# Advice please



## TinaP (Jul 9, 2008)

Hi all. I'm new to all of this so any help/advice would be fantastic.

My in-laws retired to Costa Blanca 2 years ago and we visit several times per year. My partner and I both love the spanish way of life and are now seriously considering moving to Costa Blanca in September. I know our way of life will be very different to the in-laws because we will still need to work but we don't really have anything to keep us in the UK so might as well take the opportunity.

We have found details a lovely villa through a private rental in Playa Flamenca. Does anyone know what this area is like?

Fortunately I will be able to continue in my job as I work remotely in the UK anyway so working remotely from Spain will be fine as long as landline/internet are connected.

My partner has been a quality technnician for 14 years but does have experience from managing a bar. For the first few months my salary will cover our uk expenses (renting our uk house out) and spanish outgoings but he will need to find some work.

Does anyone know if there is much bar/restaurant work around the Playa Flamenca area? Or what about property management ie, gardening etc?

Do you think he would find work as a self employed contractor doing odd-jobs as he doesn't mind travelling around the area? Is the property management idea over saturated in Spain or would there be a good opportunity amongst the ex-pats?

One last thing! We will have to drive from uk to spain due to bringing our dog. Is the best route Plymouth-Bilbao or do you know any alternatives?

Also any job websites or property websites would be fab!

Sorry if i'm rambling on but I have done a lot of research myself the last couple of weeks but want to get real advice from the people that know!

Thanks for all your help

Tina


----------



## chris(madrid) (Mar 23, 2008)

TinaP said:


> One last thing! We will have to drive from uk to spain due to bringing our dog. Is the best route Plymouth-Bilbao or do you know any alternatives?

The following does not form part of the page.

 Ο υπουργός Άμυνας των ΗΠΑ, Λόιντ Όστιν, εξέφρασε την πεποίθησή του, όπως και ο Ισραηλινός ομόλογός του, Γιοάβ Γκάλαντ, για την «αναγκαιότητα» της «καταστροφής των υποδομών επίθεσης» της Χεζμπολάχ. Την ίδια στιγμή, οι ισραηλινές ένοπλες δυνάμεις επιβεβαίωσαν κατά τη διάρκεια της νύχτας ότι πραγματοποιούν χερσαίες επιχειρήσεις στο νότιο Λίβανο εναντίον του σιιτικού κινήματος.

Before doing much more - speak to the FERRY companies. They may NOT allow the animal on the passenger part of the ship. Quarantine rules and such. And you cannot enter the car decks whilst travelling (normally). 

MAKE SURE YOU CAN GET ADSL (BROADBAND) WHERE YOU EXPECT TO RENT - MAKE IT A CONDITION. If it's not already in it could take WEEKS assuming it's possible. Ask!


----------



## TinaP (Jul 9, 2008)

I'll be contacting the ferry co's today to find out more but I do now that Brittany Ferries allow dogs from the uk in their onboard kennels, just need to check with other ferry co's.

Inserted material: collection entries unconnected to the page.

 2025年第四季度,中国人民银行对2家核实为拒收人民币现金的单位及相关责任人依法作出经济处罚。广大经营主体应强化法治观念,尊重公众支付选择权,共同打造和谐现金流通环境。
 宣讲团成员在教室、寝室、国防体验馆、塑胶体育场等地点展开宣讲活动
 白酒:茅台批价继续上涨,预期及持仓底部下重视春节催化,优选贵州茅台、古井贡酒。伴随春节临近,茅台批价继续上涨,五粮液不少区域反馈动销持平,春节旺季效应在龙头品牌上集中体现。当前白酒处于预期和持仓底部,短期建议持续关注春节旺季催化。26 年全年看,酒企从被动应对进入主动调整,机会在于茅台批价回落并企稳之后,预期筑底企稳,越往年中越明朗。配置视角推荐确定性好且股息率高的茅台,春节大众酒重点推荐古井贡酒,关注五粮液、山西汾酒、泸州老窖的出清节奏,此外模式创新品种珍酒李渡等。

The villa does have landline and ADSL - just needs to be re-connected which the owner will organise before we get there.

What about the area - do you know what it's like? Also what about opportunity for property care?
Thanks!


----------



## Stravinsky (Aug 12, 2007)

If you take the tunnel and then drive through france you will be allowed to stay with your pet
The long ferries are going to be a bit of a problem as Chris said, as you cant go to the car deck

Playa Flamenca area ....... well ..... I have never been there, and I can only tell you what several people I know have said about the area ..... they hated it. They said there was a lot of crime, loads and loads of Brits, and they were glad to be out of it. Thats no slur on anyone living there, I'm just passing on what I have been told and I'm sure some will come up with a different viewpoint.


----------



## TinaP (Jul 9, 2008)

Mmm think I'll have to do a bit more research into Playa Flamenca then. Do you know of any good websites that offer long term rental properties in Costa Blanca so we can look at alternatives?

What is the work situation like over there- is it easy to start up yourself?

I'm looking into the tunnel as an option - thanks for the suggestion


----------



## Stravinsky (Aug 12, 2007)

TinaP said:


> Mmm think I'll have to do a bit more research into Playa Flamenca then. Do you know of any good websites that offer long term rental properties in Costa Blanca so we can look at alternatives?
> 
> What is the work situation like over there- is it easy to start up yourself?
> 
> I'm looking into the tunnel as an option - thanks for the suggestion


Spanish property, Spanish property for sale, property sales Spain is good I hear

I know I'm biased, but I'd look further North in the CB, I've attached the Oliva web site as an example, but it really is lovely around here.

Tourist-Oliva.com | Oliva’s tourist information website
Portal Oficial de Turismo de la Comunitat Valenciana

Work is always going to be a challenge, but not impossible. But then again, its getting that way in the UK from what I see.

You can start as an autonomo, but that is going to see you paying into the system at around €238 a month, even if you dont get any work one month.

Remember .... the cost of living is cheaper over here for pensioners, but if you have to work here you have to remember that the average salary is around €15k now


----------



## Guest (Jul 14, 2008)

Stravinsky said:


> If you take the tunnel and then drive through france you will be allowed to stay with your pet
> The long ferries are going to be a bit of a problem as Chris said, as you cant go to the car deck


True that you cannot get to the car deck but you dont need to. Brittany Ferries on the Plymouth to Santander route definitely allow dogs in special kennels on board, nowhere near the car decks and owners can access to the kennels during the crossing.


----------



## Stravinsky (Aug 12, 2007)

El Capitan said:


> True that you cannot get to the car deck but you dont need to. Brittany Ferries on the Plymouth to Santander route definitely allow dogs in special kennels on board, nowhere near the car decks and owners can access to the kennels during the crossing.


Oh thats good. I guess on the long trips as opposed to the 90 minute hops


----------